Interim Results for the six months ended 30 November 2015

STATEMENT BY THE GROUP CHAIRMAN, JAN G HOLMSTROM

I am pleased to present the interim report of Leeds Group plc ("the Group") for the six months ended 30 November 2015.

The business of Leeds Group is that of a wholesaler of fabrics and haberdashery, and is conducted by its German trading subsidiary Hemmers/Itex Textil Import Export GmbH ("Hemmers") and by Chinoh-Tex Limited, a subsidiary of Hemmers based in Shanghai. These trading companies sell both basic commodity fabrics and also fabrics from their own fashion collections. Approximately half of sales are to retailers, with remaining sales activities divided between wholesalers and the garment manufacturing sector.

The Group achieved sales in the period of £18,489,000 (2014: £18,581,000) and made a profit after tax of £692,000 (2014:  £701,000).  Earnings per share were 2.5 pence (2014: 2.5 pence). In the first half of the current financial year, the Euro was, on average, some 10% weaker than it was during the first half of the Group's previous financial year. Given that the Group's purchases are predominantly made in US Dollars while the vast majority of its sales are in Euros, our management team has done well to preserve historic rates of gross margin, and to deliver Group sales and pre-tax profit which, if translated to sterling at constant 2014 exchange rates, would show growth of 8.8% and 8.3% respectively.

In Euro terms, revenue at Hemmers increased by 11.7% to €23,203,000 (2014: €20,775,000) reflecting higher selling prices and volume growth into the retailer customer base. This volume growth was chiefly as a result of increasing the Hemmers share of the purchase requirements of Stoff-Ideen-KMR (KMR), the retail chain in which Hemmers acquired a 50% joint venture interest a year ago. Hemmers pre-tax profit increased by 15.1% to €1,227,000 (2014: €1,066,000).

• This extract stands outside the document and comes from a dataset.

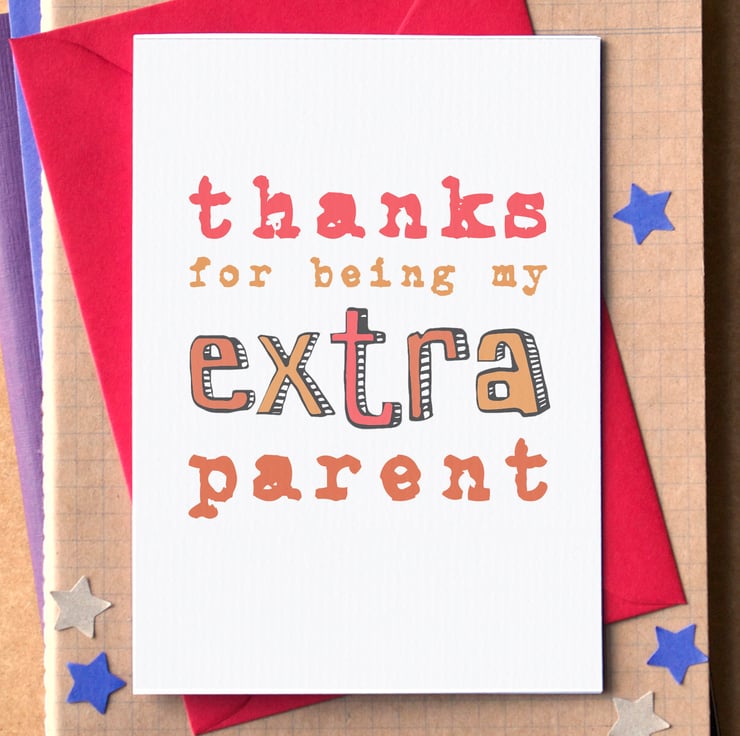 A lovely little card for a step-parent, or perhaps another relative or carer, featuring the phrase "thanks for being my extra parent".

The KMR joint venture opened new shops in Saarbrücken and in Bamberg in the period, to bring the total number of stores to 16, and the business continues to trade in line with the expectations of the Directors.

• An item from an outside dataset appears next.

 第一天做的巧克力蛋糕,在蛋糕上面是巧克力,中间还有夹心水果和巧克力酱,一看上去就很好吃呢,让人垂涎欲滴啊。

External sales revenues at ChinohTex were 9.8% down on last year at £1,881,000 (2014: £2,086,000) leading to a reduced pre-tax profit of £155,000 (2014: £193,000). Despite this setback, ChinohTex continues to perform invaluable work in support of its European parent operation through its purchasing strengths, its ability to inspect locally purchased product for quality issues and the consolidation of freight shipments that minimises the cost of shipping stock to Europe.

In the twelve month period since 30 November 2014 earnings per share has been 3.8 pence but the adverse translation differences on foreign operations have been £1,303,000, or 4.7 pence per share. Consequently net asset value per share (inclusive of goodwill and excluding shares held in treasury) at 30 November 2015 fell to 51.8 pence (2014: 52.7 pence). 

Group net debt was £579,000 at 30 November 2015 (30 November 2014: £881,000; 31 May 2015: net cash £596,000). Net cash outflow in the 6 months ended 30 November 2015 reflected the seasonal increase in working capital and capital expenditure. Although working capital is expected to fall from its seasonally high level during the second half-year, net debt will continue to rise as the project to expand the Hemmers facility in Nordhorn is brought to completion at a total cost of €3.5 million.

The Directors are currently of the view that shareholder value is best promoted by investing in the current business and by seeking new investment opportunities which increase earnings per share. In order to maximise funds available for this purpose and to reflect the investment in the Hemmers facility during the current year, the Board does not propose an interim dividend.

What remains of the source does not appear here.